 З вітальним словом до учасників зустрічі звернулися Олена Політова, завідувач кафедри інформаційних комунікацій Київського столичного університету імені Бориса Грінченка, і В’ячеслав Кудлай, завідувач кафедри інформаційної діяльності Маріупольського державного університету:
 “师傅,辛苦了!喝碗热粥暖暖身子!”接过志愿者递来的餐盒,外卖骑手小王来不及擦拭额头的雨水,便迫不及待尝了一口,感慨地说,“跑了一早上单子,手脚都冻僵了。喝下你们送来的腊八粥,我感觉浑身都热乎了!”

==

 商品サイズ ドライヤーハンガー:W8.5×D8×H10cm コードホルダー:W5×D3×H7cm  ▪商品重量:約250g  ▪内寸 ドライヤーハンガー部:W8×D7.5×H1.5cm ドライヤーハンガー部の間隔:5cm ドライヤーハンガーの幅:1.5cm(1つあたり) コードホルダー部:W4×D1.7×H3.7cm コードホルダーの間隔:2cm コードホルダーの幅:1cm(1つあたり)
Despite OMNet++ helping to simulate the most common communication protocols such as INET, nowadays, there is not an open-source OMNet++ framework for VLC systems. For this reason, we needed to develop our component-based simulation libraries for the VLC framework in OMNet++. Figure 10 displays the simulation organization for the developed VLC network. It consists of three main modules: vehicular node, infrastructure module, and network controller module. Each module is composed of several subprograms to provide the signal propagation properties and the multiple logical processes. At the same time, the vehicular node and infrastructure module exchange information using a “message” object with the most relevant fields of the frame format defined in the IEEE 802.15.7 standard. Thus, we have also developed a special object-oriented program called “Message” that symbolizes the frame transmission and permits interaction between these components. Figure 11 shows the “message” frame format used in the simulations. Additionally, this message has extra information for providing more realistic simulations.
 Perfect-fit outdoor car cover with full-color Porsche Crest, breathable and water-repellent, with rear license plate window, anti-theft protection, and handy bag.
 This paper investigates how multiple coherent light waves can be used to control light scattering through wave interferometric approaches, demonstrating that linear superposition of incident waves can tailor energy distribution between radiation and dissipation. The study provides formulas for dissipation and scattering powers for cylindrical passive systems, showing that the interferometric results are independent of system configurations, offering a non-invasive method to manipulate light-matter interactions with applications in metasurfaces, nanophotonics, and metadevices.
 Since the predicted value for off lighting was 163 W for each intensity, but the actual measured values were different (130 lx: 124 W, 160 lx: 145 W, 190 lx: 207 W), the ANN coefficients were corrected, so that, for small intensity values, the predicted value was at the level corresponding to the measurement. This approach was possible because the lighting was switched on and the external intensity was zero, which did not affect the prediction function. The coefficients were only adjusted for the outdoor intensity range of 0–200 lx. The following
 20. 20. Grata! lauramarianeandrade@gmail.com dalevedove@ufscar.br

> Task to carry out
Copy the lines above exactly, beginning at the line that has "Since the predicted" and stopping after the line that has "20. 20. Grata!", and omit the rest.

> Response area
 Since the predicted value for off lighting was 163 W for each intensity, but the actual measured values were different (130 lx: 124 W, 160 lx: 145 W, 190 lx: 207 W), the ANN coefficients were corrected, so that, for small intensity values, the predicted value was at the level corresponding to the measurement. This approach was possible because the lighting was switched on and the external intensity was zero, which did not affect the prediction function. The coefficients were only adjusted for the outdoor intensity range of 0–200 lx. The following
 20. 20. Grata! lauramarianeandrade@gmail.com dalevedove@ufscar.br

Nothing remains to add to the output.